The server also manages an in-memory page cache used to serve client fetch requests. Before returning a requested page to the client, the server updates the cache copy, installing all modifications in the MOB for that page so that the fetched page reflects the up-to-date committed state. The page cache uses LRU replacement but discards old dirty pages (it depends on ireads to read them back during MOB cleaning) rather than writing them back to disk immediately. Therefore the cleaner thread is the only component of the system that writes pages to disk.

3.2 Snapshots

SNAP creates snapshots by copying out the past storage system states onto a separate snapshot archive disk. A snapshot provides the same abstraction as the storage system, consisting of snapshot pages and a snapshot page table. This allows unmodified application code running in the storage system to run as BITE over a snapshot.

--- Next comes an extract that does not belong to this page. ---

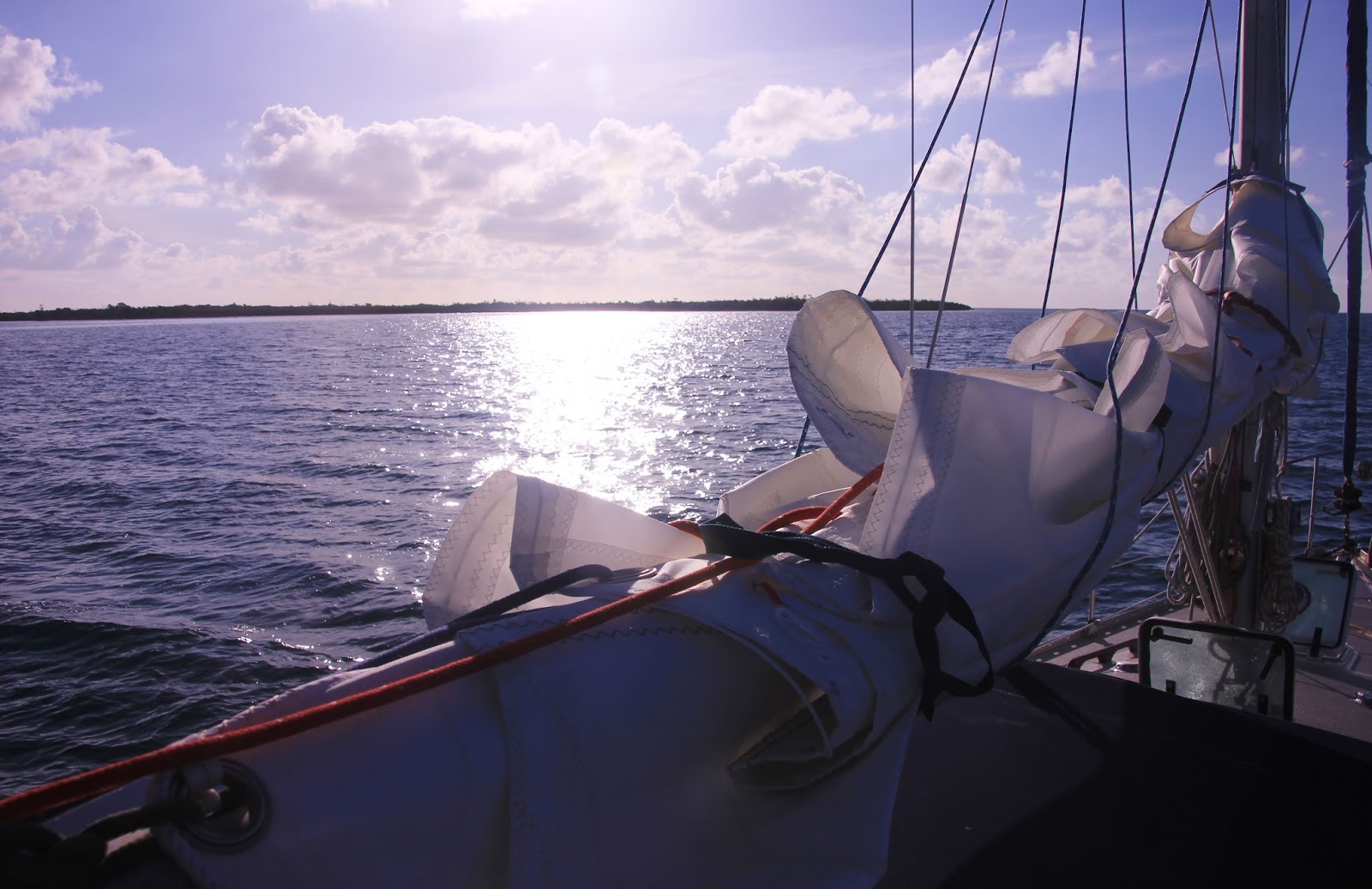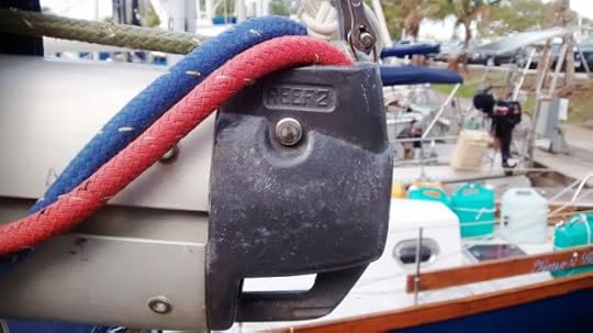 1 - In certain conditions, you need to reef your sails, which involves reducing the amount of sail you have out so that you're not overpowered. For our mainsail, we use reefing lines to fold the sail down on the boom.

SNAP copies snapshot pages and snapshot page table mappings into the archive during cleaning. It uses an incremental copy-on-write technique specialized for split snapshots: a snapshot page is constructed and copied into the archive when a page on the database disk is about to be overwritten the first time after a snapshot is declared. Archiving a page creates a snapshot page table mapping for the archived page.

Consider the pages of snapshot $v$ and page table mappings over the transaction history starting with the snapshot $v$ declaration. At the declaration point, all snapshot $v$ pages are in the database and all the snapshot $v$ page table mappings point to the database. Later, after several update transactions have committed modifications, some of the snapshot $v$ pages may have been copied into the archive, while the rest are still in the database. If a page $P$ has not been modified since $v$ was declared, snapshot page $P$ is in the database. If $P$ has been modified since $v$ was declared, the snapshot $v$ version of $P$ is in the archive. The snapshot $v$ page table mappings track this information, i.e. the archive or database address of each page in snapshot $v$. Snapshot access.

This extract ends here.